16) Hell’s Gate by Laurent Gaudé

So this is a strange and intriguing novella by Prix Goncourt-winning French novelist Laurent Gaudé – it starts out with a sort of fairly standard-ish character on something of a mission to avenge someone or something. It turns out the death he is seeking to avenge is, well, his own – and we are soon flash-backing to the moment when he is caught as a child in crossfire between some mafia gangs. The pain and anguish from that divides his parents who cannot come to terms with what has happened – nor find any sense of closure (the father, a taxi driver, can’t follow through on killing the man responsible); and soon the mother, Guiliana, leaves the city and town altogether.

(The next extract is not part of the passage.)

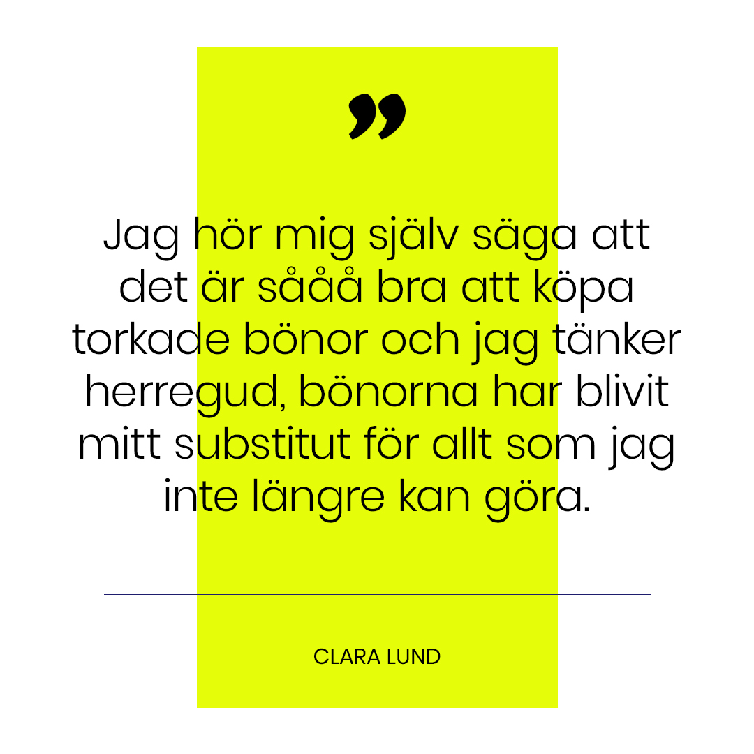 Häromveckan pratade jag med min syster i telefon. Jag var i full färd med att svälla och koka bönor, en process som tar flera dygn, och min syster svarade glatt att hon ystade egen ost till palak paneer. Trots det kände vi båda att vi kunde passa på att slå varandra en signal. Både min och min systers kalendrar har gått från proppfulla till ekande tomma och tiden det gett oss tycks vi båda ha lagt på avancerade maträtter. Jag har spenderat timmar med att skriva detaljerade handlingslistor med tusentals olika maträtter och pålägg och mellanmål en kan göra av de enorma mängder bönor jag har svällt och kokat. Jag hör mig själv säga att det är sååå bra att köpa torkade bönor och jag tänker herregud, bönorna har blivit mitt substitut för allt som jag inte längre kan göra. Jag har ett sådant behov av att ha fullt upp att jag nu bakar och kokar och planerar och letar recept tills jag får hjärtklappning. Det ständiga stresspåslaget jag haft i min kropp under så många år vill jag sorgligt nog återkomma till.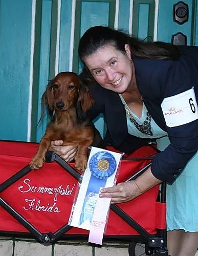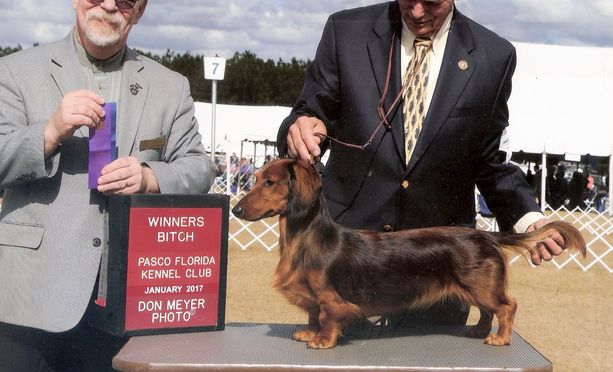 I'm Iris B., the breeder behind D & B Ranchette located in Summerfield, FL. We strive to breed high-quality long hair dachshunds for the show ring and as beloved family members. Our main focus is on breeding for temperament and on bloodlines. Our adults are DNA tested for 174 potential defects by EMBARK. Our dachshunds are our children and their offspring our grandchildren. We only want them to go to the very best homes committed to loving and caring for them throughout their lives. Due to their superior bloodlines and careful breeding programs, their life expectancy is 16 - 22 years with proper care.

As the novel keeps flashing between 1980 (the year of the killing) and 2002 (the year of the revenge mission), things start to become a bit clearer – and if they don’t, then the book’s title should give you a bit of a clue. The taxi-driving dad Matteo somehow hooks up with a professor, a café owner, a transvestite-prostitute and a maverick priest  – and between them they know of a way to get his son Pippo back….

Which as you might expect, involves them going (quite literally) to Hell and back. The scenes from the Underworld are amongst the best in the book, actually, and pretty powerful – matched only for power by the very real sense of a mother’s grief for her child earlier on in the book. Having become a little bored with the book mid-way through, these scenes held me gripped and they felt as ‘real’ as any other evocations of the after-life I’ve read.

All in all, it’s a strange book partly because it is a mix of genres: a crime-revenge meets after-life exploration meets marriage-breakdown combo. As a result, I do think it’s a bit uneven and the shifts around can be disconcerting and break up the novel unhelpfully. But there is something strangely memorable here too: the grief and remorse of Matteo & Guiliana is palpable, the escape from the depths thrilling and terrifying, and some of the philosophising moving this beyond a narrative-by-numbers. Gaudé can really write – and it makes me want to try some of his other work, to see if his skills are more effectively and consistently put to use.